A adoção de políticas voltadas para a isenção do IPVA varia entre as unidades federativas no Brasil. Alguns exemplos incluem:

  1. Distrito Federal: Isenção total para veículos híbridos e elétricos, promovendo ambas as tecnologias.
  2. Pernambuco: Isenção total para veículos elétricos, mas não para híbridos.
  3. Bahia: Benefícios fiscais amplos para carros elétricos, sem restrições de tempo.
  4. Rio Grande do Sul: Alíquotas reduzidas para elétricos e híbridos.
  5. Alagoas: Isenção inicial para elétricos, com taxas reduzidas nos anos subsequentes.

A diversidade de abordagens reflete as diferentes prioridades regionais, que vão desde o incentivo à produção local até a promoção de tecnologias inovadoras. São Paulo, ao focar no etanol e em híbridos, busca alavancar sua cadeia produtiva agrícola e tecnológica, mas pode perder espaço no mercado crescente de carros elétricos.

Impactos econômicos e industriais

O incentivo à produção e ao uso de veículos híbridos pode gerar benefícios econômicos significativos. Montadoras que fabricam veículos híbridos no Brasil, como Toyota e Honda, têm a oportunidade de expandir sua participação no mercado. Além disso, a produção de etanol, um combustível renovável, é fortalecida, gerando empregos e investimento na infraestrutura agrícola.

Por outro lado, a exclusão dos carros elétricos pode restringir o crescimento desse mercado em São Paulo, especialmente em um momento em que os consumidores demonstram maior interesse por opções mais sustentáveis. Essa decisão também pode direcionar investimentos para outros estados que oferecem isenções mais amplas.

Benefícios ambientais da isenção do IPVA

A isenção do IPVA para veículos híbridos e movidos a hidrogênio é um passo positivo na redução de emissões de gases de efeito estufa. Comparados a veículos movidos exclusivamente a gasolina ou diesel, híbridos podem reduzir significativamente as emissões de CO₂, especialmente quando utilizam etanol como combustível principal. Veículos movidos a hidrogênio, por sua vez, não emitem poluentes, tornando-os uma das opções mais limpas disponíveis.

Além disso, o uso de biometano em caminhões e ônibus contribui para a redução da poluição atmosférica, principalmente em áreas urbanas densamente povoadas. Essa medida alinha-se aos esforços globais para combater as mudanças climáticas e melhorar a qualidade do ar.

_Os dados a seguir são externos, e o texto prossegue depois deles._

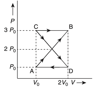 A thermodynamic system undergoes cyclic process ABCDA as shown in the figure. The work done by the system in the cycle is

Dados estatísticos sobre emissões e mercado de veículos limpos

  • Um veículo híbrido pode reduzir até 40% das emissões de CO₂ em comparação a modelos movidos a gasolina.
  • O Brasil é o maior produtor de etanol de cana-de-açúcar no mundo, com uma produção estimada em 35 bilhões de litros anuais.
  • Em 2023, a frota de carros elétricos e híbridos no Brasil cresceu 55%, atingindo mais de 140 mil veículos.

Esses números demonstram o potencial de crescimento do mercado de veículos limpos no Brasil e destacam a importância de políticas públicas para apoiar essa transição.

Diante das críticas, há expectativas de que o governo de São Paulo possa revisar a exclusão dos veículos elétricos no futuro. A crescente demanda por carros elétricos e a pressão de fabricantes e consumidores podem levar a uma ampliação dos benefícios fiscais para incluir essa categoria.

Além disso, a discussão sobre incentivos fiscais para veículos elétricos está em alta em outras esferas governamentais, com propostas que visam uniformizar as políticas em todo o país.